* **About this task**
Copy only this range: the line with "整料和阗玉雕成,呈扁瓶形,直" through the final line of the material, inclusive at both ends.

* **Input for this task**
⁂

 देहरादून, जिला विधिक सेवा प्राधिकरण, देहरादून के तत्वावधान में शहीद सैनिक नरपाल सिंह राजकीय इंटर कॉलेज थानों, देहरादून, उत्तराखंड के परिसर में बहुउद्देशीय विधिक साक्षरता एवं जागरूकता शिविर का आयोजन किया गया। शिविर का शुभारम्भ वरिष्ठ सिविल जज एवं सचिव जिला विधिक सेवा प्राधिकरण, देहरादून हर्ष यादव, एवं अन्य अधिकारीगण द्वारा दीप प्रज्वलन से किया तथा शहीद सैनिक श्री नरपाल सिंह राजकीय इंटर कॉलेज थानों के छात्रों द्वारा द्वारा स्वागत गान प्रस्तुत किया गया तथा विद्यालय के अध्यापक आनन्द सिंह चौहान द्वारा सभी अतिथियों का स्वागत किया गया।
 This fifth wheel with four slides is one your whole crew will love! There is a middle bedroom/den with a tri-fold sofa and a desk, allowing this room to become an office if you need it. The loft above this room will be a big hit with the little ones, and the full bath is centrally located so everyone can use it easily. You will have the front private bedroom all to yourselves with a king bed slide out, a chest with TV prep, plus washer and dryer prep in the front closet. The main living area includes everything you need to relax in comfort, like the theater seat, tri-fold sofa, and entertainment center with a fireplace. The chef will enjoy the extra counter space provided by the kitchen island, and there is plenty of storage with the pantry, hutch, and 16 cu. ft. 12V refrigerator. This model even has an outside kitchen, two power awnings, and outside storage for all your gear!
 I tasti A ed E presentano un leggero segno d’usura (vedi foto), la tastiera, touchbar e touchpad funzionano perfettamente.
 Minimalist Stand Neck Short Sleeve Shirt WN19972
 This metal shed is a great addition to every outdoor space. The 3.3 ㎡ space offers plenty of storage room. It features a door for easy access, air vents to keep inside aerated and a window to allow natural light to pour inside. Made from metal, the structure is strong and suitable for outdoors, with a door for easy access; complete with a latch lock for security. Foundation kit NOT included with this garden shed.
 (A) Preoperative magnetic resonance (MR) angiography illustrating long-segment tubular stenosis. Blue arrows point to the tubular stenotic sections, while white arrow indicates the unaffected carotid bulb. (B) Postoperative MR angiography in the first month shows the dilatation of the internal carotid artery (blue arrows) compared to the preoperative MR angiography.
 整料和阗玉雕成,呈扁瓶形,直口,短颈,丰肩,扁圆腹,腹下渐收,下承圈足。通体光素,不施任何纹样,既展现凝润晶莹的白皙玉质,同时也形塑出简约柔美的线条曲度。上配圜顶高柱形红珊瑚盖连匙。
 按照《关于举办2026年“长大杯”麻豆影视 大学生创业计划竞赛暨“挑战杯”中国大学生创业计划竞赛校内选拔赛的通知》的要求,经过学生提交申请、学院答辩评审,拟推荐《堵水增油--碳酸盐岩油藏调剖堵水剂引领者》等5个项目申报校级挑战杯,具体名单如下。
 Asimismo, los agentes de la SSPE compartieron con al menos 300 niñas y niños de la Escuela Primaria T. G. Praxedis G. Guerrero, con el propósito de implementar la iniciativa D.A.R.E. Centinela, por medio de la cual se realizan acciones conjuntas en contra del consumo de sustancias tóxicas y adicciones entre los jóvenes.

⁂

* **Answer for the task**
 整料和阗玉雕成,呈扁瓶形,直口,短颈,丰肩,扁圆腹,腹下渐收,下承圈足。通体光素,不施任何纹样,既展现凝润晶莹的白皙玉质,同时也形塑出简约柔美的线条曲度。上配圜顶高柱形红珊瑚盖连匙。
 按照《关于举办2026年“长大杯”麻豆影视 大学生创业计划竞赛暨“挑战杯”中国大学生创业计划竞赛校内选拔赛的通知》的要求,经过学生提交申请、学院答辩评审,拟推荐《堵水增油--碳酸盐岩油藏调剖堵水剂引领者》等5个项目申报校级挑战杯,具体名单如下。
 Asimismo, los agentes de la SSPE compartieron con al menos 300 niñas y niños de la Escuela Primaria T. G. Praxedis G. Guerrero, con el propósito de implementar la iniciativa D.A.R.E. Centinela, por medio de la cual se realizan acciones conjuntas en contra del consumo de sustancias tóxicas y adicciones entre los jóvenes.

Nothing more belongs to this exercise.